The Aston Martin Atom is a prototype automobile built by Aston Martin (AM). Construction of the car began in 1939 and was completed in 1940. The Atom is one of the first fully functional concept cars ever built. Aston Martin explored several new technologies with the Atom, and its chassis design was the basis for the platform used by AM's post-war models, beginning with the 1948 DB1 that evolved out of the Atom, well into the late 1950s.

==History==
Construction of the Atom was commissioned by R. Gordon Sutherland, AM's Managing Director and son of Arthur Sutherland, the company's owner. Chief engineer Claude Hill led the design effort.

The goal was to produce a small enclosed saloon that was comfortable and possessed good road manners. To meet that goal, emphasis was put on light weight and a rigid chassis. The car's name was chosen to be evocative of something small but powerful.
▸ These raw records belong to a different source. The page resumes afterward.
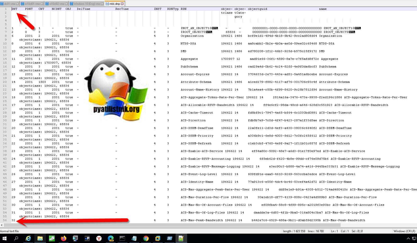 Структура базы данных Active Directory довольно плоская, «DNT» — это номер строки — каждого объект в базе данных. Следующий столбец, PDNT, является родительским объектом объекта (ParentDNT), поэтому вы можете легко просмотреть файл дампа и посмотреть, как выглядит каталог. Из номеров DNT и PDNT вы узнаете дочерние и родительские объекты.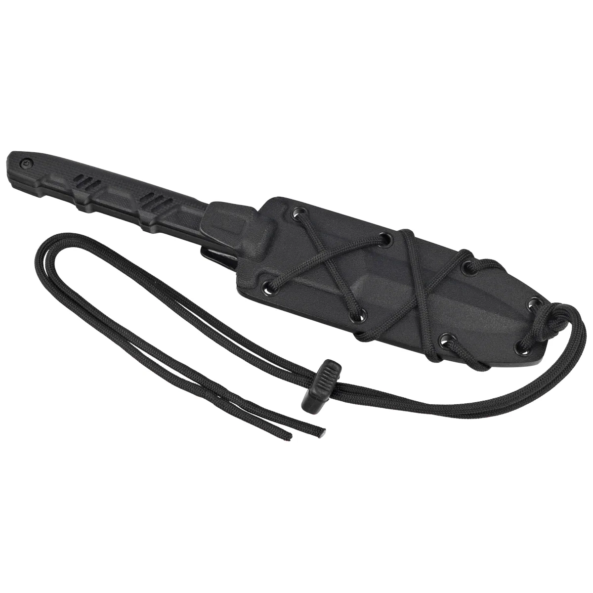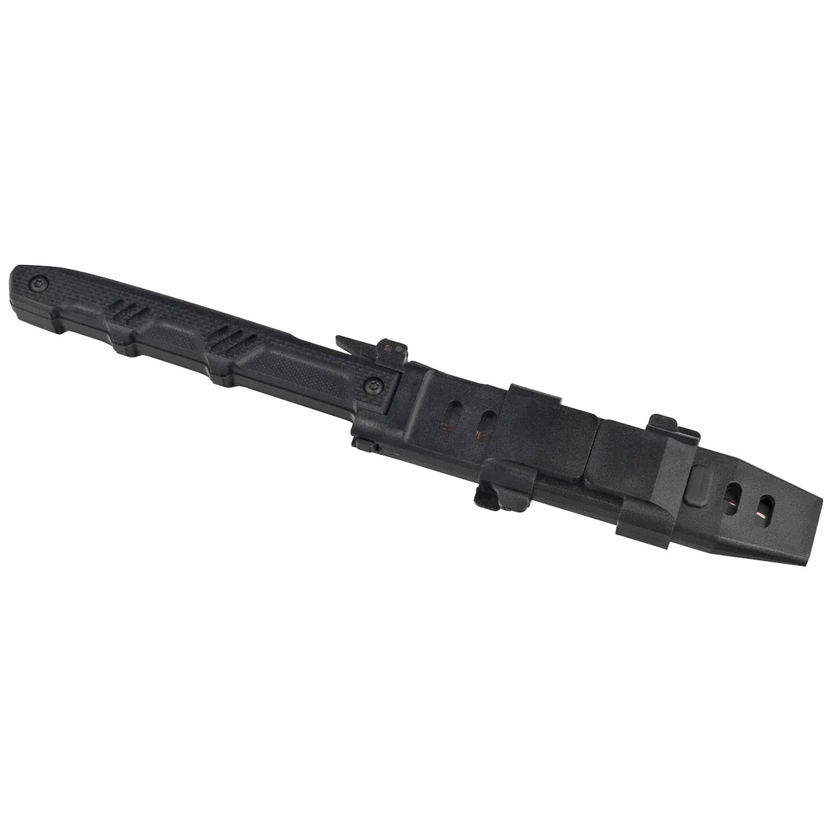 Sheath - in designing the knife for professional use, great emphasis was placed on ease of handling, access and retrieval. The knife is attached to the tactical sheath with a quick-release fuse(snap), which can be easily reversed allowing the holster to be adjusted for both right and left-handed users. The trigger-like snap allows for quick, instinctive knife extraction and keeps the knife from falling out. The openwork holster makes it easy to dry the blade. A system of two adjustable multi-position clamps allows quick attachment of the Sheath under the straps of the M.O.L.L.E. system. We also include a second sheath suitable for EDC applications, made of kydex.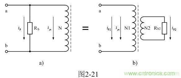 圖2-21-b是更形象地把渦流損耗等效成一個變壓器次級線圈N2給損耗電阻Rb2提供能量輸出,流過變壓器次級線圈N2的電流
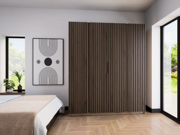 Nowoczesna i wyjątkowo pojemna szafa Kaja to idealne połączenie naturalnej estetyki drewna z elegancką czernią.
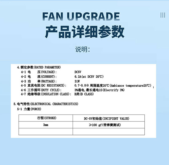 | 電壓: | DC5V | 行程: | 電阻: | 0.7~0.8 | 功率: | 31W | |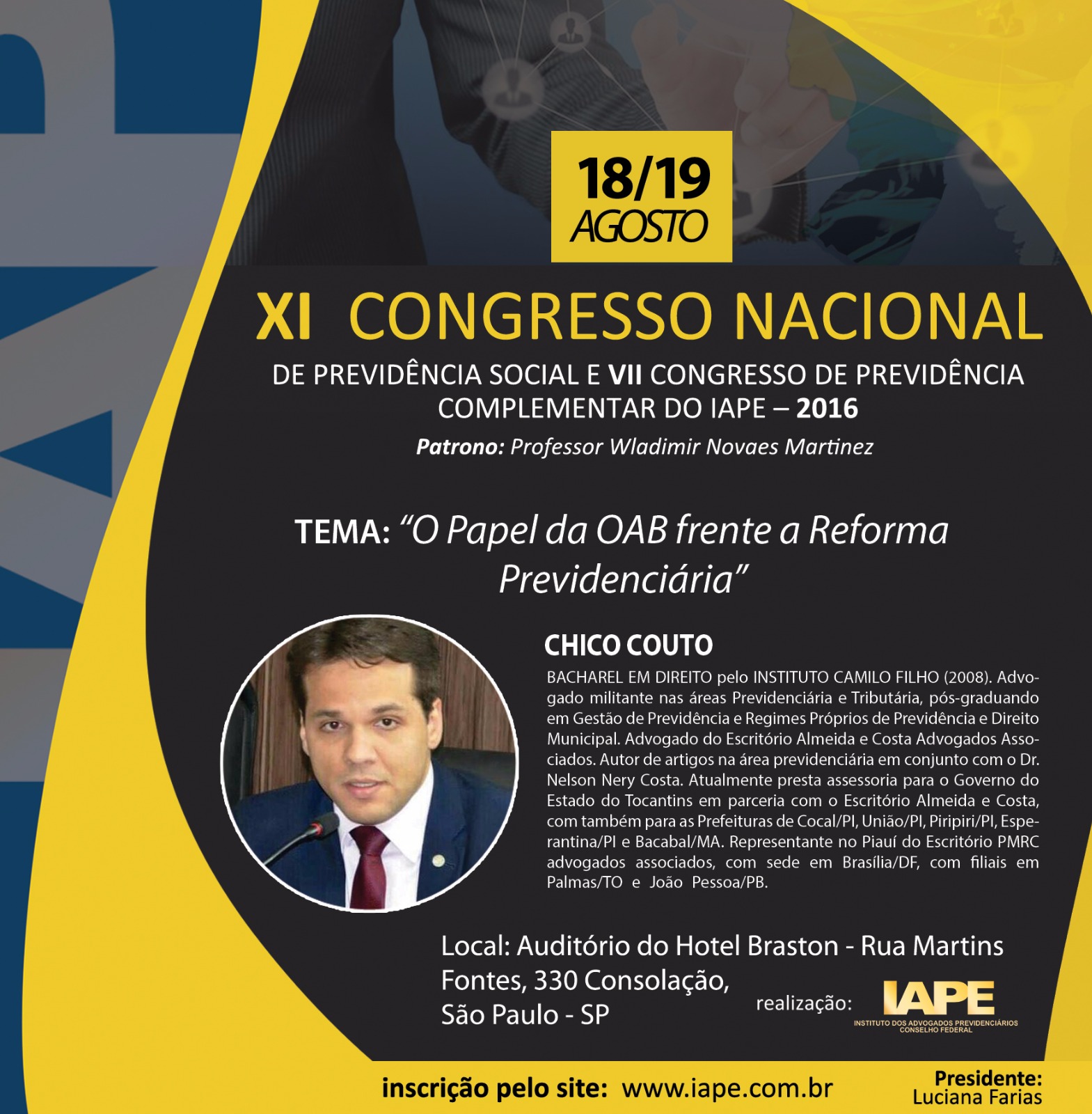 O IAPE - Instituto dos Advogados Previdenciários - Conselho Federal realizará em SP, dias 18 e 19/8, o "XI Congresso Nacional de Direito Previdenciário" e terá entre os expositores Chico Couto, presidente da Comissão de Direito Previdenciário do Conselho Federal da OAB (clique aqui). Informações e inscrições pelo site. (Clique aqui)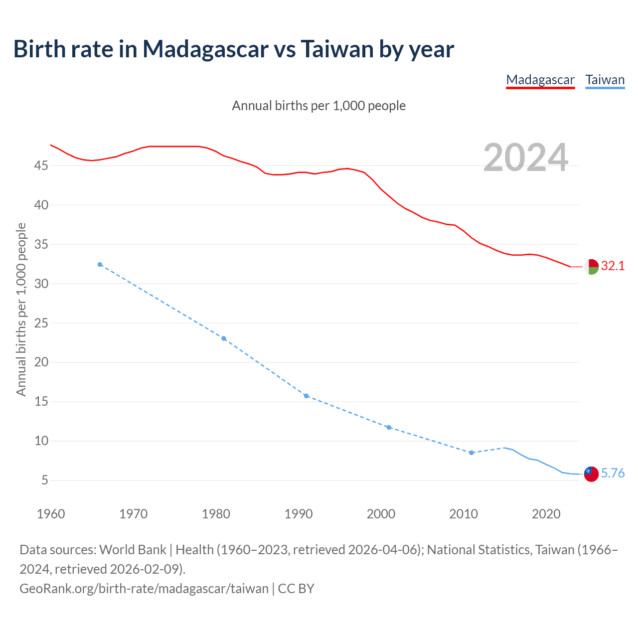 GeoRank.org/birth-rate/madagascar/taiwan | CC BY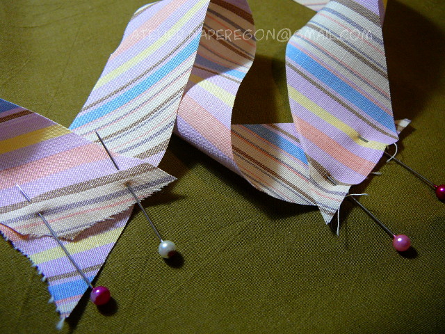 разрезаем косую ленточку пополам, разрезанный край будет обращён к внешней стороне плечевого шва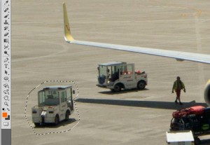 A partir de là, cliquez gauche et maintenez le pour entourer l’élément, ne vous inquiétez pas pour le détail du détour, même un contour grossier sera très bien. Faites juste attention aux autres éléments de la photo, comme pour mon exemple, il y a l’ombre de l’aile de l’avion donc je passe juste entre le camion et l’ombre. Vous devez avoir un résultat comme ceci.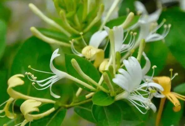 ,它的花采摘以后可以入藥,也可以制成金銀花茶供人們飲用。金銀花茶沖泡的味道甘甜爽口,能清熱解毒,也能消炎殺菌金銀花的葉子性質(zhì)寒涼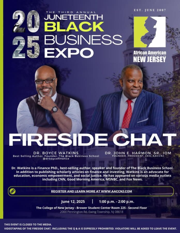 “We are pleased with Dr. Watkins’ attendance; it is significant to have his participation at the Juneteenth Black Business Expo,” said John E. Harmon Sr. “His remarks will be timely in the current economic environment. Reciprocity and accountability are our reframe at this time. One-off conversation will not get it done. We are committed to providing value in partnership with the public, private and community sectors throughout New Jersey.”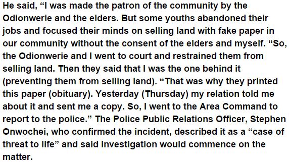 The father of 13 said his fight with the people began after he went to court to restrain them from participating in unlawful sale of the Land area without the assent of elders. He encouraged the police to unmask the offenders behind the act.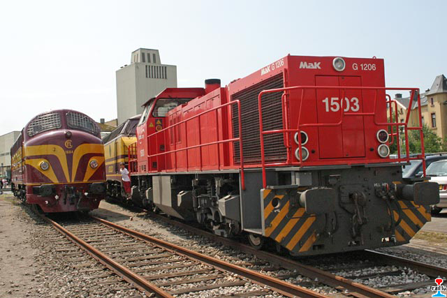 Exposition à la gare d'Ettelbruck lors des Festivités des 100 ans de la Ville d'Ettelbruck: locomotives diesel ex-CFL 1604 et CFL-Cargo 1505 (Photo: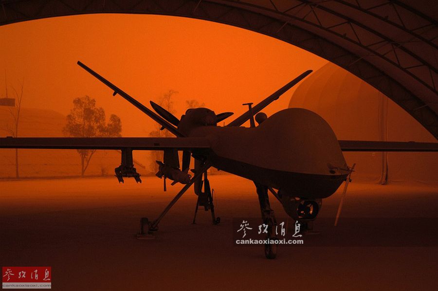 图为在沙暴期间拍摄的停放在机库中的MQ-9攻击型无人机。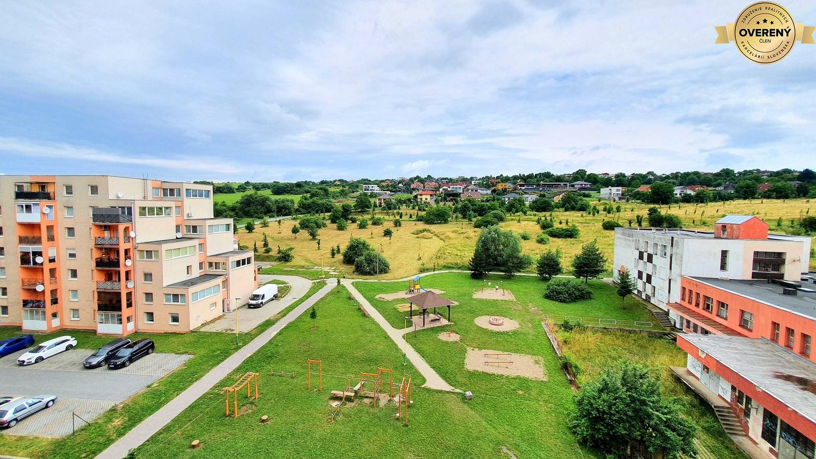 Byt sa nachádza v poslednom rade bytových domov, za ním už len výhľad z obývačky na zeleň, rodinné domy, detské ihriská. Samozrejmosťou je kvalitná, komfortná a kompletná občianska vybavenosť tvorená škôlkami, školami, obchodmi a službami. Okolie bytového domu i dom samotný sú pekne udržiavané a obývané dobrými susedmi.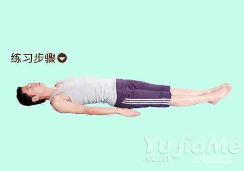 1、仰臥在墊子上,雙眼微閉,兩手放在身體兩側,兩腳伸直,腳尖併攏;正常呼吸,放鬆全身。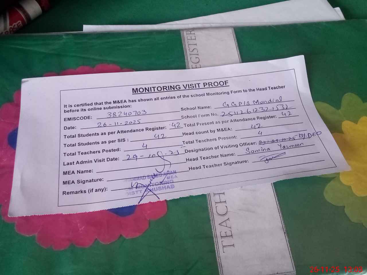 | Remarks (Use Separate Page if Required): Students on SIS QTY 42 Last admin visit On 29 October 2025 by Dy DEO | |||||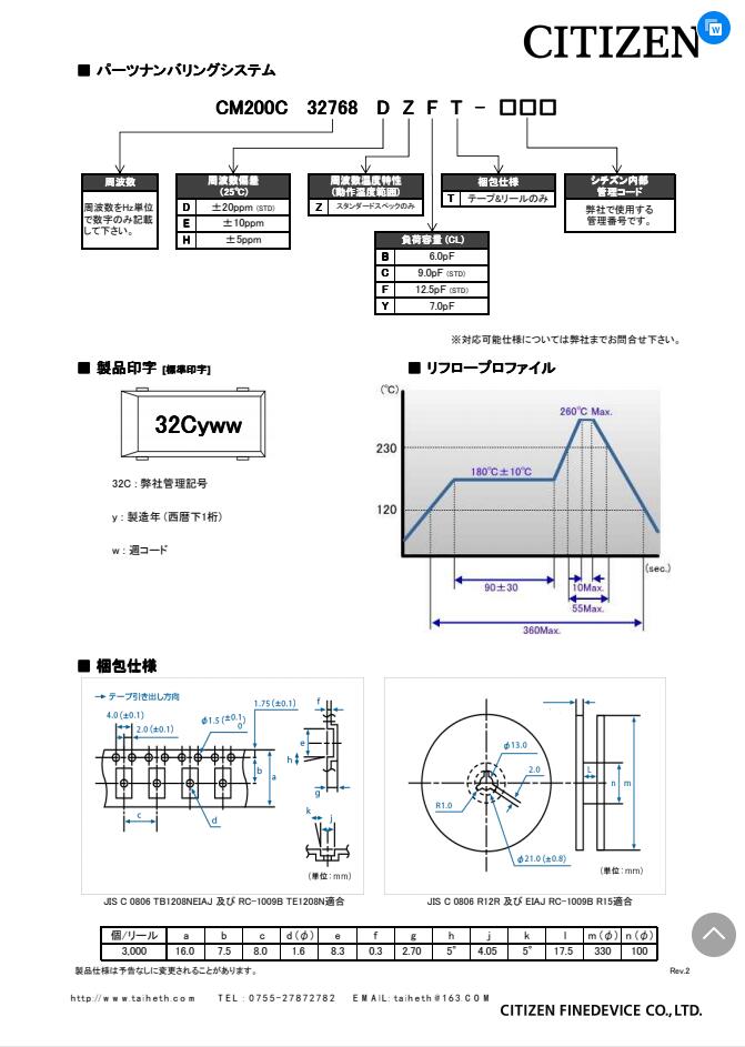| CMR200T32768DZFT | CITIZEN晶體 | 32.768kHz | ±20ppm | 12.5pF | 50 kOhm | -40°C ~ 85°C |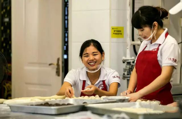 今年很多糕饼商都在提倡手工月饼的概念。但是批量生产的东西,基本不可能做到手工。王玉霞赖以生存的,便是代代相传的手艺师傅,经过这些年的动荡和饼店市场冲击,如今还在工作线上的老师傅仅剩几十人了,这也是王玉霞开不了很多店面的原因,目前唯一的汉口里店,和筹划中的梨园街店。

The Atom broke with traditional body-on-frame construction methods. Its chassis used square and rectangular cross-section steel tubing for both the main chassis and the support framework for the body. This was a continuation of Hill's earlier experiments with a prototype built on chassis J6.403.LS, registered as EML 132, and known informally at the works as Donald Duck.

The Atom was built on chassis G40/900. It was originally powered by the same type of engine used in the model 15/98. After World War II (WWII) that engine was replaced by EN4/48/2, an instance of the new four-cylinder engine that would later power the Aston Martin 2-Litre Sports model.

Aston Martin and Hill applied for twenty-seven patents on technologies developed for the Atom, including ones related to the body, chassis, and engine.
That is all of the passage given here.